On Wednesday Intel shifted its Tera-scale Computing Research Program into second gear by demonstrating a 48-core x86 processor. The company is intending to use the new chip as a research platform for the purpose of lighting a fire under manycore computing.
According to Intel, the new chip boasts 1.3 billion transistors and is built on 45nm CMOS technology. Its distinction is that it contains the largest number of Intel Architecture (IA) cores ever assembled on a single microprocessor. As such, it represents the sequel to Intel’s 2007 “Polaris” 80-core prototype that was based on simple floating point units. While the latter chip was said to reach 2 teraflops, the company is not talking about performance for the 48-core version.
It’s worth mentioning that Intel is not blazing completely new territory here. Tilera already offers 32- and 64-core general-purpose processors (albeit non-x86) and previewed a 100-core version in October. Those chips are aimed at digital multimedia applications, networking gear, wireless infrastructure, and cloud computing.
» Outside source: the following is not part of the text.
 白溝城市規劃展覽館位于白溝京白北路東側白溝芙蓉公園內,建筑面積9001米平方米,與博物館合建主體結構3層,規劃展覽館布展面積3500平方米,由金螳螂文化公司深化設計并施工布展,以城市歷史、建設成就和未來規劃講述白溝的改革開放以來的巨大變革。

Intel’s 48-core offering is not intended for commercial use at all. Rather it will be used to help software researchers figure out how real applications can scale from dozens to thousands of cores. It can also be used as a testbed to experiment with new parallel computing models and applications. Intel plans to distribute at least a 100 of the experimental chips to commercial and academic researchers. Since the new chip incorporates “fully functional” IA (32-bit) cores, existing software should port with relative ease.
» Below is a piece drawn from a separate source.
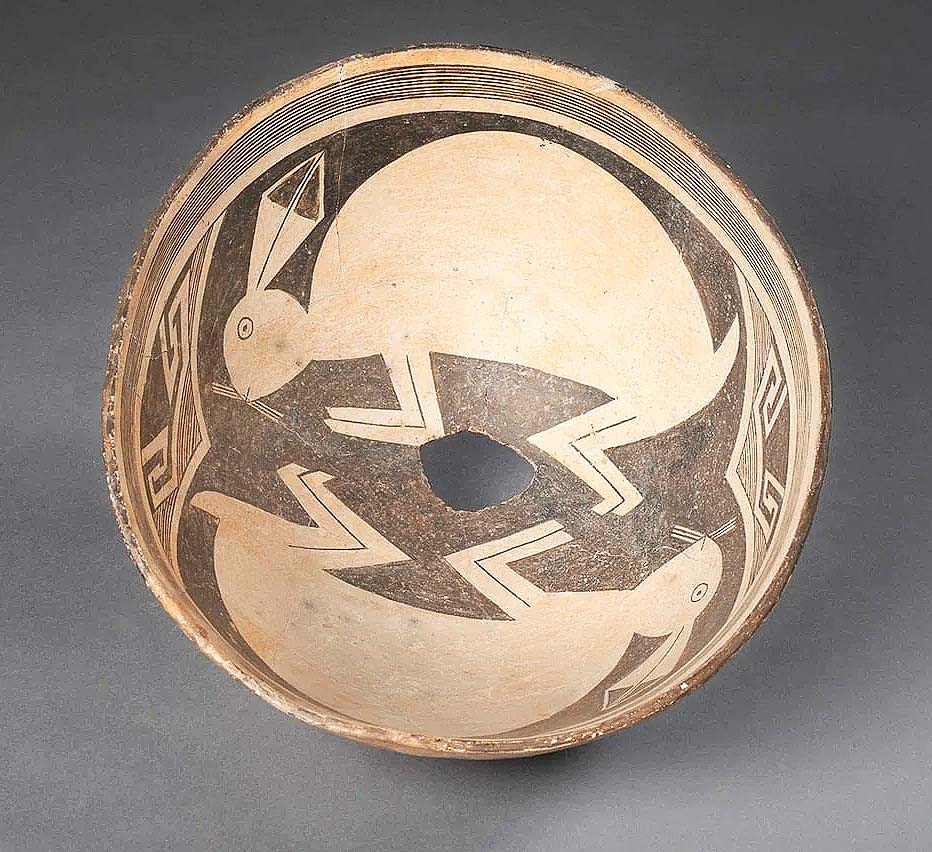 SANTA FE, N.M — A Mimbres black-on-white bowl led Taos Auction Company’s spring sale of Native American, Pre-Columbian, Tribal and fine art on April 2. Estimated at $4/6,000, the circa 1000-1130 CE hand-coiled bowl made $30,000. Having a rounded base and gently flaring rim, the bowl featured painted decoration of two rabbits around a central kill hole. Kill holes, common to Mimbres pottery in the Southwest, were thought to be made to release the spirit when the bowls were placed at gravesites. A complete report on the auction will appear in an upcoming issue.

Intel is labeling the device a “Single-chip Cloud Computer” (SCC), presumably to emphasize the processor’s resemblance to a shrink-wrapped datacenter. It’s probably more accurate to simply call it a cluster-on-a-chip, considering it is essentially a bunch of cores hooked together by an on-chip network. Specifically, the processor contains 24 dual-core tiles, arranged in a two-dimensional 6-by-4 layout. Main memory is accessed via four on-chip DDR3 memory controllers. Each tile comes with its own router that connects the tiles to the network fabric.
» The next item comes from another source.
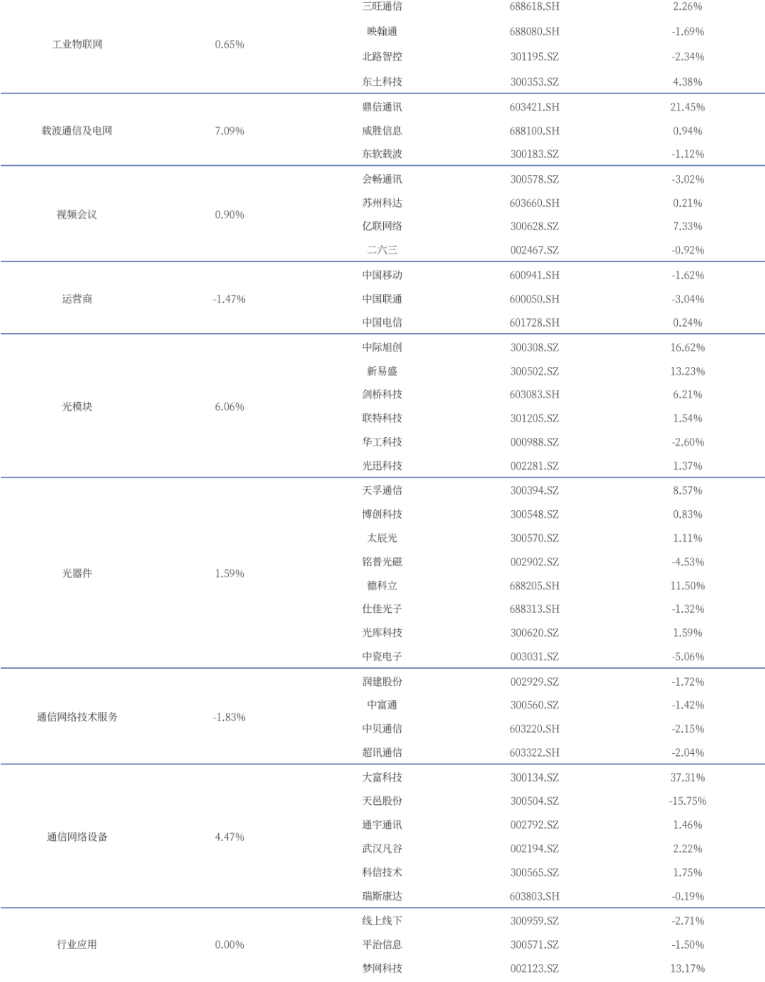 (二)一周载波通信及电网、光模块相关子板块表现较好

Probably the most important feature of the network is its hardware support for message passing, which should provide a very high-performance environment for many cluster applications. Alternatively, a software-managed shared-memory model may be employed by codes that communicate via global data.
Each core contains its own L2 cache. But unlike most modern CPU designs, the SCC doesn’t offer hardware cache coherence. Instead, it offloads that task to the software, which has to coordinate reads and writes between all the caches. In this case, Intel opted to trade off programming ease with hardware simplicity.
Fine-grained power management allows the processor to scale from a low of 25 watts up to a maximum of 125 watts. Each tile can run at a different frequency, while each row of four tiles can be run at a different voltage. There’s also voltage and frequency controls for the network and the memory controllers. Like cache coherence, all power management is controlled via software.
The potential application area is actually much larger than the examples cited above. Given that CPUs with dozens of cores will eventually be a mainstay across most IT market segments, it is anticipated that new parallel computing applications will emerge as manycore makes its way from servers into the desktop and mobile arena. At least that’s what Intel is hoping.
Details about the new microprocessor will be formally presented at the International Solid-State Circuits Conference on February 8 in San Francisco.